Bugüne kadar birçok kez gittigim bir Bosna şehridir Konjic (Konyits), fakat son ziyaretimde eskilerden farklı olarak bir turist gözüyle bakmaya çalıştım. Öncelerde gittiğimde sadece gelip geçerdim, ülkemdeki şehirlerden biridir ama insan bu şehre dalıp, gittiği zaman, ancak o zaman güzelliklerini de fark edebiliyor.
Konjic şehri Bosna Hersek Federasyonu bölgesinde bulunuyor ve tarihi açısından da oldukça zengin bir şehirdir. Osmanlı döneminde de büyük önem taşıyan bu şehir, Bosna Hersek’in en eski şehirlerden biridir, arkeolojik izler 4 bin yıl öncesine kadar götürüyor. Şehrin dağlarında, köylerinde gezerken ulusal anıtlarla karşılaşabiliyorsunuz, örneğin 1163m yükseklikte Velika (Dabiça) alanında bile karşılaşmanız mümkün. Bu şehirden yaklaşık 30 anıt ülkenin ulusal anıtlar listesinde bulunuyor.

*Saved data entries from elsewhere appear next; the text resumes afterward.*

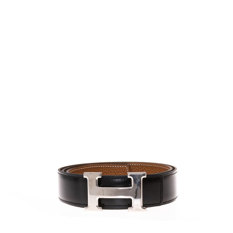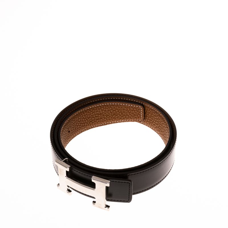 Cinto Hermés Dupla Face Couro 32mm Preto e Caramelo
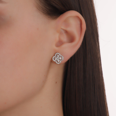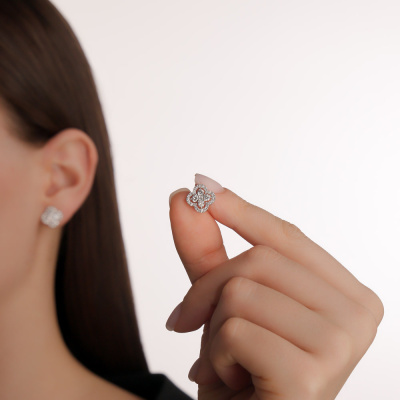 Серьги с 8 бриллиантами выращенными, 0.63 карат, огранка круг 57 граней, цвет 3, чистота 5, тип огранки А; 2 бриллиантами выращенными, 0.04 карат, огранка круг 57 граней, цвет 3, чистота 5, тип огранки А; 48 бриллиантами выращенными, 0.34 карат, огранка круг 57 граней, цвет 3, чистота 5, тип огранки А; Белое золото 585 пробы.
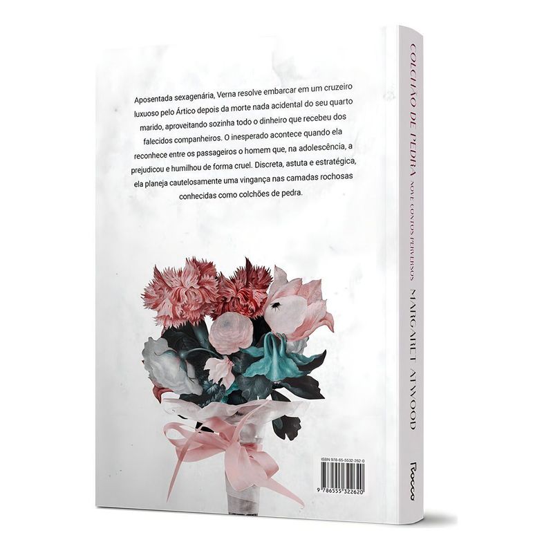Aposentada sexagenária, Verna resolve embarcar em um cruzeiro luxuoso pelo Ártico depois da morte nada acidental do seu quarto marido, aproveitando sozinha todo o dinheiro que recebeu dos falecidos companheiros. O inesperado acontece quando ela reconhece entre os passageiros o homem que, na adolescência, a prejudicou e humilhou de forma cruel. Discreta, astuta e estratégica, ela planeja cautelosamente uma vingança nas camadas rochosas conhecidas como colchões de pedra. “Colchão de pedra: uma almofada fossilizada, formada de camada após camada de algas verde-azuladas que criam um monte ou domo. As mesmas algas verde-azuladas que criaram o oxigênio que eles agora respiram. Não é espantoso?” Nesta coletânea de contos inspirada nas tradições góticas clássicas, Margaret Atwood revela facetas grotescas e perversas da humanidade no seu melhor estilo, evocando vidas e enredos emocionantes. Constance Starr criou uma série literária, Alphinland, que a tornou famosa e respeitada pela crítica. É por essa paisagem fantasiosa, em meio a uma tempestuosa noite de inverno, que ela é guiada pela voz do falecido marido, Ewan, e começa a fundir a realidade com o universo imaginário. Nesse mesmo fio narrativo, acompanhamos o antigo e conturbado relacionamento da escritora com Gavin, passando pela velhice desse poeta boêmio até o momento do seu funeral, em que algumas das mulheres que fizeram parte de sua vida discutem o passado. A partir daí, aberrações da natureza, presenças fantasmagóricas, mãos desencarnadas, rancores, sonhos frustrados e um astuto plano de vingança engendrado pela maldosa viúva Verna permeiam a narrativa, a um só tempo sombria e irreverente, com a notória habilidade de Atwood e sua abordagem destemida sobre as agruras da violência, a mortalidade iminente e os mitos da velhice.
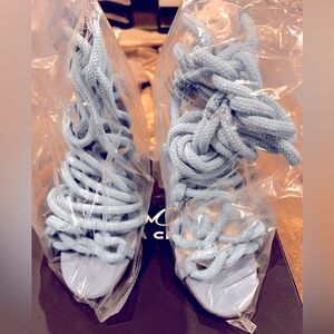 Brand New Monika Chiang Signature Rope Lace-Up Gladiator Sandal in the most beautiful soft sky blue suede color! These wrap up the leg sandals are stunning! They provide easy fastening and removal from the silver zipper on the back of the shoe. Hurry to purchase these as they won’t disappoint!

Gelenlerin ilgisini ilk çekenlerden TİKA’nın yardımıyla yeniden yapılan Konjic köprüsüdür. Köprü 1682 yılında yapılmış, ancak 3. Mart 1945 yılında, Konjic şehrinin kurtuluşunda, Alman Naziler tarafından mayınlarla döşenmiş ve yıkılmış. Neretva nehrinde bulunan bu köprü Bosna ile Hersek bölgelerinin birleştiği nokta olarak da kabul edilir. Bosna Hersek’teki tüm en güzel köprülerin kaderleri sanırım benziyor, hepsinin de güzelliğine düşman gözü dayanamadı ve yıkmaya çalıştı. Ama Boşnak inadı köprülerde de var, öyle böyle tekrar yükseliyorlar. Elbette eklemek gereken bir şey var ki o da Mostar köprüsü gibi, bu köprünün de Türkiye’nin yardımlarıyla tekrar yükselmiş olmasıdır.
Osmanlı döneminde yapılan Konjic köprüsü, Mostar köprüsü ve Vişegrad şehrindeki Mehmed Paşa Sokoloviç köprüsünün yanında, Bosna’nın en güzel köprülerinden sayılır. Sultan IV. Mehmet saltanatı döneminde yapılan köprü, altı kemerden oluşmakta ve 82 metre uzunluğundadır. İkinci Dünya Savaşı’nda gördüğü hasardan sonra, 2005-2009 yıllar arasında TİKA’nın desteğiyle tekrar yapıldı ve bugün şehrin en güzel varlıklarından biridir.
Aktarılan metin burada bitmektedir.